The entire Senate heard a similar presentation from Steve Hill of the Las Vegas Convention and Visitors Authority and Jeremy Aguero of Applied Analysis. Economic benefits touted include more than 14,000 construction jobs and 10,000 jobs tied to operations, more than 80 games and close to 100 live events.

“It can allow Las Vegas as a city, as a sports destination, as the Sports Capital of the World to move forward,” Hill said to the Senate Committee as a Whole, stating conventions need more venues, and music acts and other sporting events seek more options for locations.

“This does sound like an exciting opportunity for Nevada,” said State Sen. Lisa Krasner.

Other lawmakers voiced concerns about the rushed and unexpected process.

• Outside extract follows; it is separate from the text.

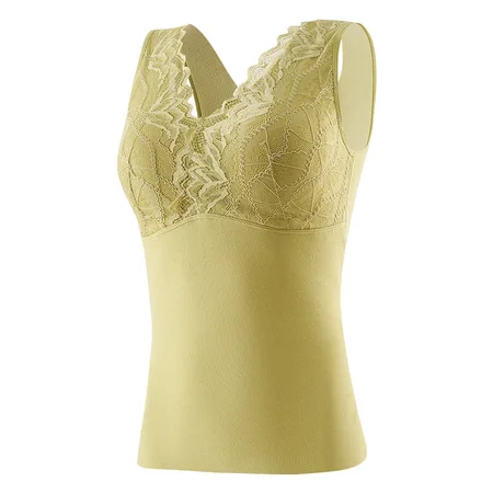 雀说 蕾丝含桑蚕丝保暖背心发热透气打底保暖背心3852·芥末绿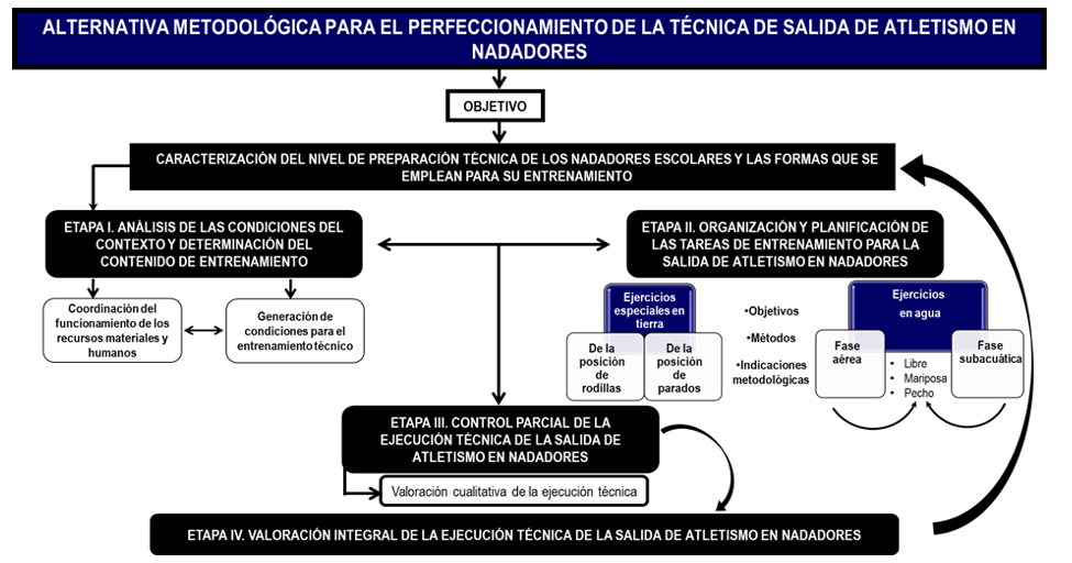 Por la importancia y actualidad del tema se plantea el siguiente objetivo diseñar una alternativa metodológica para el perfeccionamiento de la técnica de salida de atletismo en nadadores escolares de la Eide "Cerro Pelado" de Camagüey.

“We are now ten days removed from that hearing in a second special session that has forced taxpayers to spend another $250,000 a day to keep us here. Yet what is before us today is the exact same bill that we heard ten days ago,” State Sen. Rochelle Nguyen said. Nguyen had asked for guarantees of community benefits.

“Transferring a team and utilizing Nevadans’ money-- we’ve been here 10 days. It’s concerning to me,” said State Sen. Edgar Flores. He asked for a community track record in Oakland, and a written statement or press conference on community benefits and contributions, or even an amendment in state law.

Projections state that 2.5 million visitors will attend games, annually, in the smallest ballpark in Major League Baseball at 30,000 seats.

“Is it reasonable the A’s will triple attendance in year one, two and three?” said State Senator Dallas Harris, noting the attendance projections averaging 27,000 a game.

“By building a new asset... it becomes a draw,” Aguero said, stating that initial attendance will be high for the first few years and eventually level off.

The Oakland team currently has the lowest attendance in Major League Baseball.

Lawmakers asked about potential fiscal impacts to the state and to Clark County residents’ property taxes if projected revenues fall short, and the team fails to fulfill their debt payments. FOX5 has reported that Clark County officials negotiated specific terms to prevent that scenario as much as possible.

“What is the worst-case scenario in case things don’t go well?” Harris asked.

Aguero noted the project would have four years of debt service reserves, which would be fully depleted if there were zero revenue for four years.

“That’s a pretty unlikely scenario considering the order of magnitude,” Aguero said. During the pandemic, when the stadium generated no revenue, Clark County dipped into its debt service reserves to make bond payments.

Lawmakers also voiced concerns about traffic. Hill said that Clark County and the team will have discussions on infrastructure improvements.

A high-level official tells FOX5, the team would have to pay for any additional improvements outside the $25 million in the bill for infrastructure, public works and stadium improvements. A pedestrian bridge could cost $20 million.

For the ballpark bill to pass, SB1 needs a Senate Committee of the Whole vote, then a vote by the entire Senate; then as the bill heads to the Assembly, it would require an Assembly Committee of the Whole vote, then a whole Assembly vote.